Avia Collinder, Business Writer
Gas Products Limited has expanded its storage capacity in Freeport, Montego Bay by 50 per cent to satisfy growing demand for propane in the western end of Jamaica.
The US$2.3 million (J$225m) investment was prompted by the evolving market among businesses trying to escape the high cost of grid-supplied electricity and are utilising Liquid Petroleum Gas (LPG) for applications other than cooking, according to Gas Pro Jamaica CEO, Peter Graham.
The market for LPG overall was relatively flat in 2012, Graham said Monday. But while butane followed that pattern, propane sales rose nine per cent, said the gas executive.
The facility in Montego Bay - whose capacity has risen from 12,000 barrels to 18,000 barrels - is an independent sea-fed storage capacity, which allows Gas Pro to purchase some supplies directly from overseas sources, instead of relying solely on the Petrojam refinery.
The facility in Montego Bay is an independent sea-fed storage capacity, which allows Gas Pro to purchase some supplies directly from overseas sources, instead of relying solely on the Petrojam refinery.
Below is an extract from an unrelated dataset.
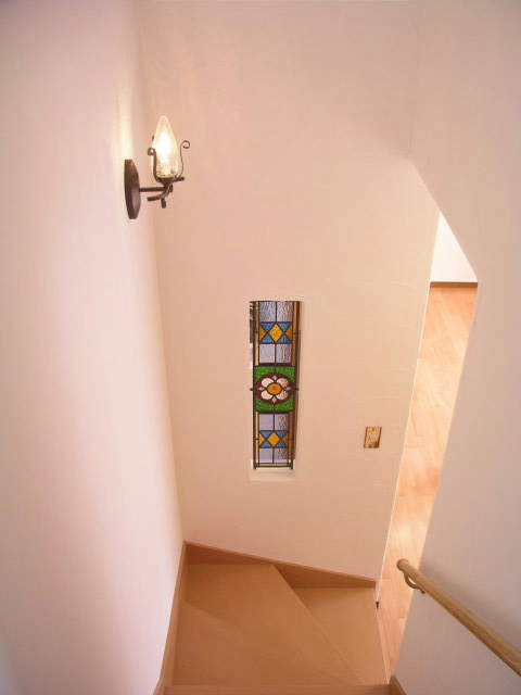 階段からも縦長のステンドグラスをみることが出来ます。

Gas Pro is therefore not fully dependent on supplies from Petrojam, said Graham.
The expansion project spanned six months and created 25 construction jobs over the period.
FINANCING THE PROJECT
The project was financed by debt, said Graham, who declined to discuss projected returns, nor how the expenditure will affect profits this year.
The company, whose core business is the marketing, sale and distribution of LPG is a subsidiary of the Neal & Massy Holdings, a Trinidad-based conglomerate whose holdings span the region.
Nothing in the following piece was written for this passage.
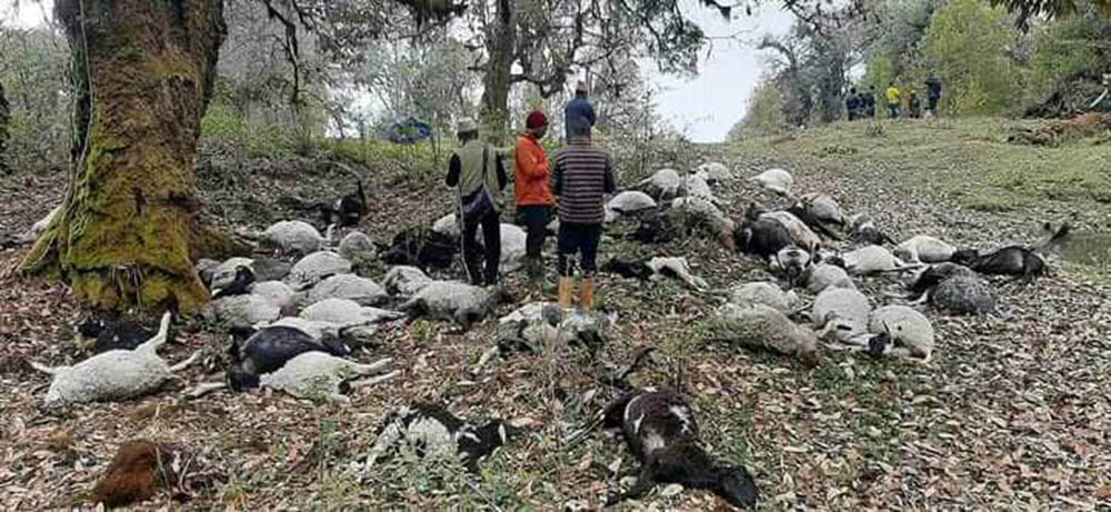 बाजुरामा हावाहुरी, पहिरो र चट्याङको कहर : १६ भेडाबाख्रा मरे, ३८ बेपत्ता

Graham, while noting that the LPG market was far from robust last year, said Gas Pro grew market share by taking business away from its competitors.
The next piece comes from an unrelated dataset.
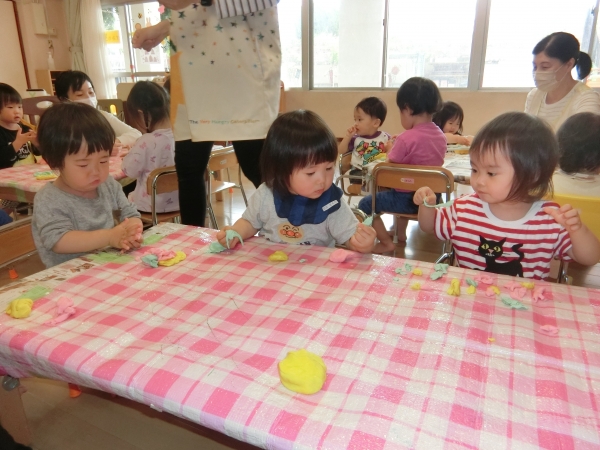 みんなで小麦粉ねんど、楽しいな(^^♪

"The turnover is driven primarily by the prevailing price of fuel, which can have large fluctuations," he said.
"Volume is the primary indicator. The increase in volume sold by Gas Pro in the last financial year was twice the estimated change in total market," he said.
At yearend September 30, 2011, Gas Pro made sales of just over J$4 billion. Last year, Graham said LPG prices fell but that total revenue rose to J$4.5 billion. Petrojam's ex-refinery price for propane fell by an average of 25 per cent in 2012, he said, from around J$46 per litre to J$35 per litre.
Dealers typically add their margins to the Petrojam prices.
In 2013, demand is expected to be driven by the search for cheaper sources of energy to replace electricity generated from oil.
Even Jamaica Public Service Company, the monopoly distributor of electricity through the national grid, is considering developing a combined cycle plant that can be fired by LPG. JPS said last week that it is awaiting sign-off by the Office of Utilities Regulation on the LPG proposal, among others.
Gas Pro, however, has its eye on businesses that are seeking alternatives to the high-cost power supplied by JPS.
"At least two large companies have stated their intention to construct co-generation plants to produce their own electricity. Both are considering LPG as the primary fuel," said Graham.
Gas Pro markets both butane, which is typically used to fill cylinders for domestic/household use; and propane, which is used by commercial customers.
"The growth in propane demand is driven primarily by a larger number of commercial entities utilising LPG for applications other than cooking. Propane is used in lieu of electricity, diesel and other forms of fuel to generate steam and produce hot water, among other applications," said Graham.
"Given the price of propane relative to electricity and diesel, it is more economical to use LPG," Graham explains.
Gas Pro's MoBay terminal will ensure "product security" to large customers and the hotel in sector in particular, and it will serve to minimise "the safety risk" of transporting LPG by road from Petrojam's facility in Kingston, he said.